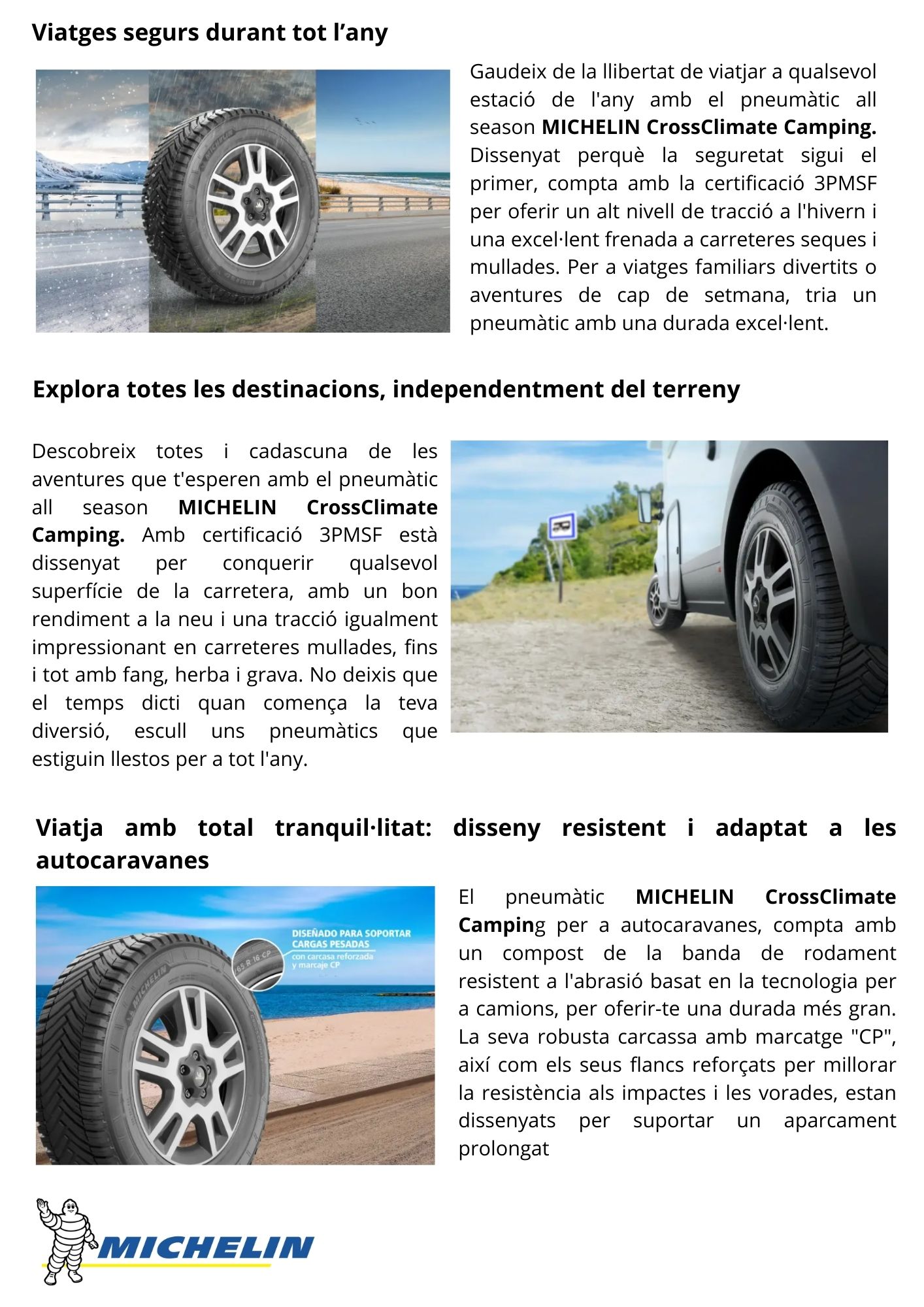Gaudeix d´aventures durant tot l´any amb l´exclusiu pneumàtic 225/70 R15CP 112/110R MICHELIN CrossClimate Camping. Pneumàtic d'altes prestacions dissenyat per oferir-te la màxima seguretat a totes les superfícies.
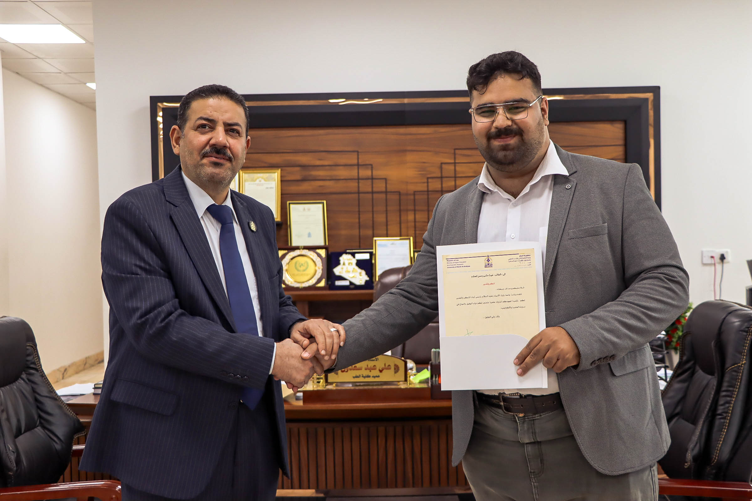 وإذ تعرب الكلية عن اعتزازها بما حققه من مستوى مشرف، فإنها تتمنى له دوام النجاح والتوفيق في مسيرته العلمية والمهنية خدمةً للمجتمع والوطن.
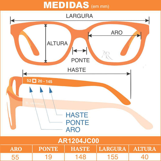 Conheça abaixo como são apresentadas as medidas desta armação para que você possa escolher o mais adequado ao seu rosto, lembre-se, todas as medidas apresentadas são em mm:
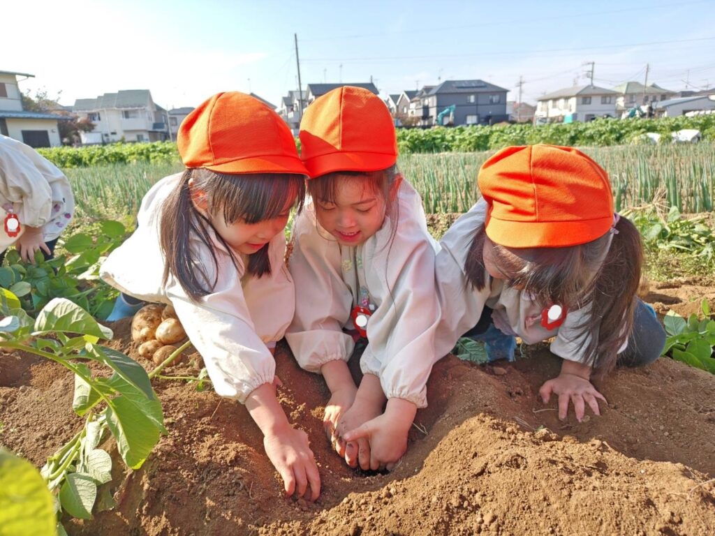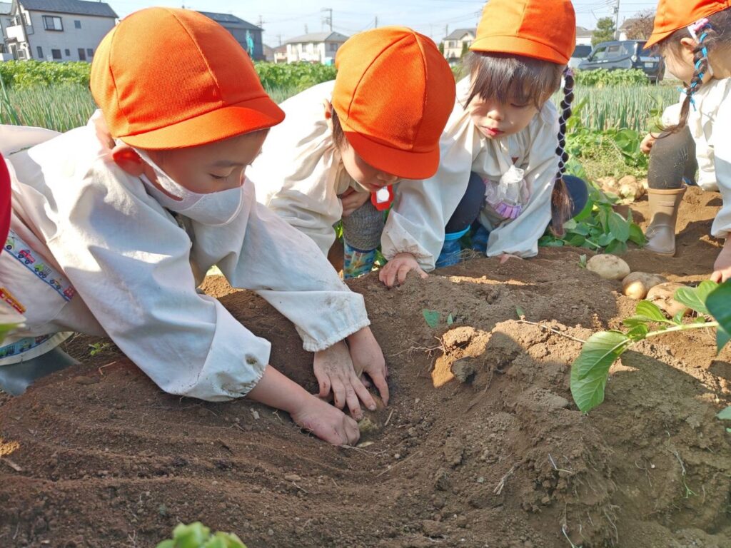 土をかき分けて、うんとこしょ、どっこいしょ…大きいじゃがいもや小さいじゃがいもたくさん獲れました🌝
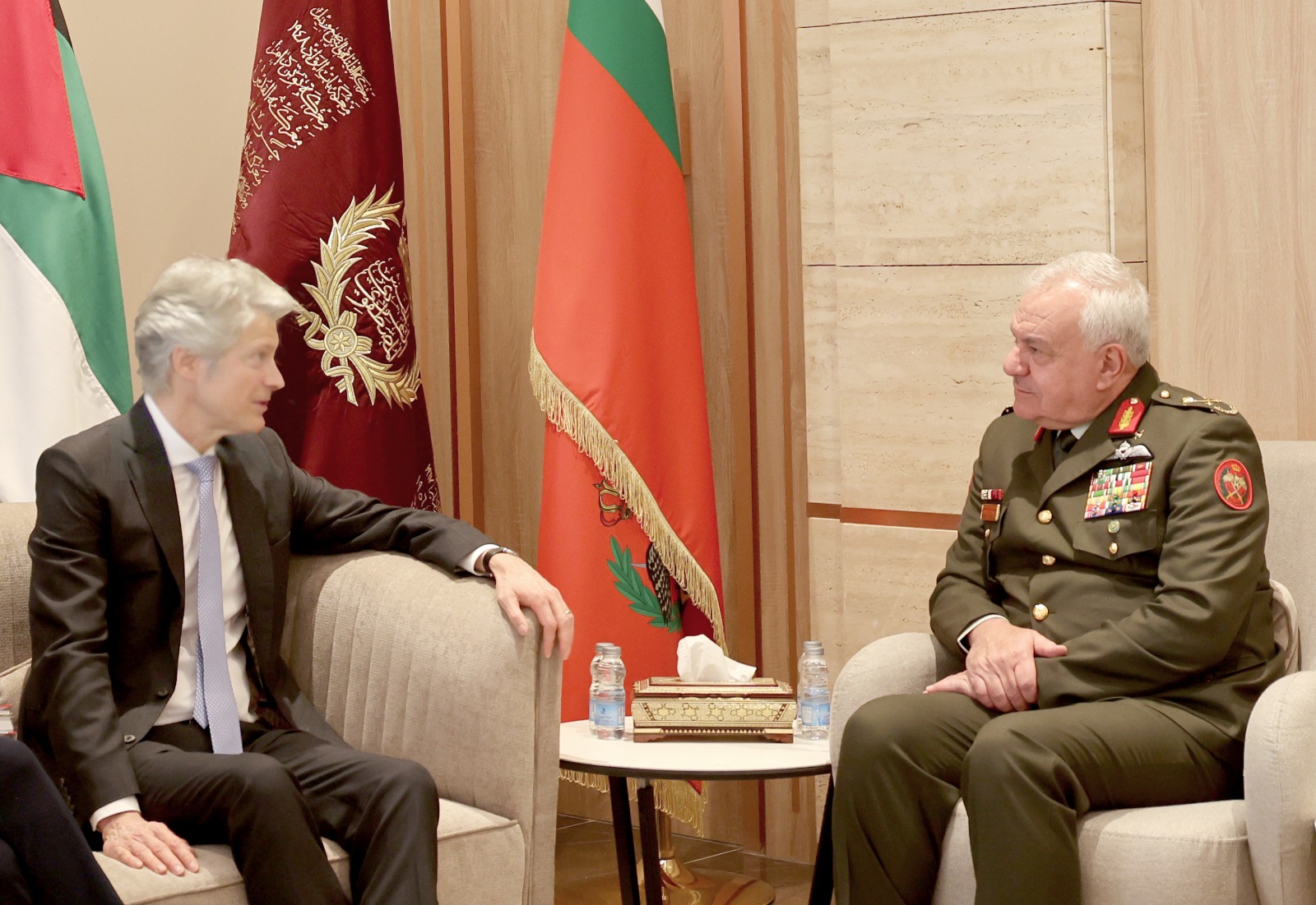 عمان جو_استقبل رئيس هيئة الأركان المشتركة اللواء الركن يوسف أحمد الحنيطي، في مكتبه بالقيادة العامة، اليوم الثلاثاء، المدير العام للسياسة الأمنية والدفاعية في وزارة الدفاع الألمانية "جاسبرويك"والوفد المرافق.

Exercise directions: From the records above, quote word for word only the lines beginning at the line that has "Conheça abaixo como" and stopping after the line that has "土をかき分けて、うんとこしょ". Omit the pictures.

Exercise output:
 Conheça abaixo como são apresentadas as medidas desta armação para que você possa escolher o mais adequado ao seu rosto, lembre-se, todas as medidas apresentadas são em mm:
 土をかき分けて、うんとこしょ、どっこいしょ…大きいじゃがいもや小さいじゃがいもたくさん獲れました🌝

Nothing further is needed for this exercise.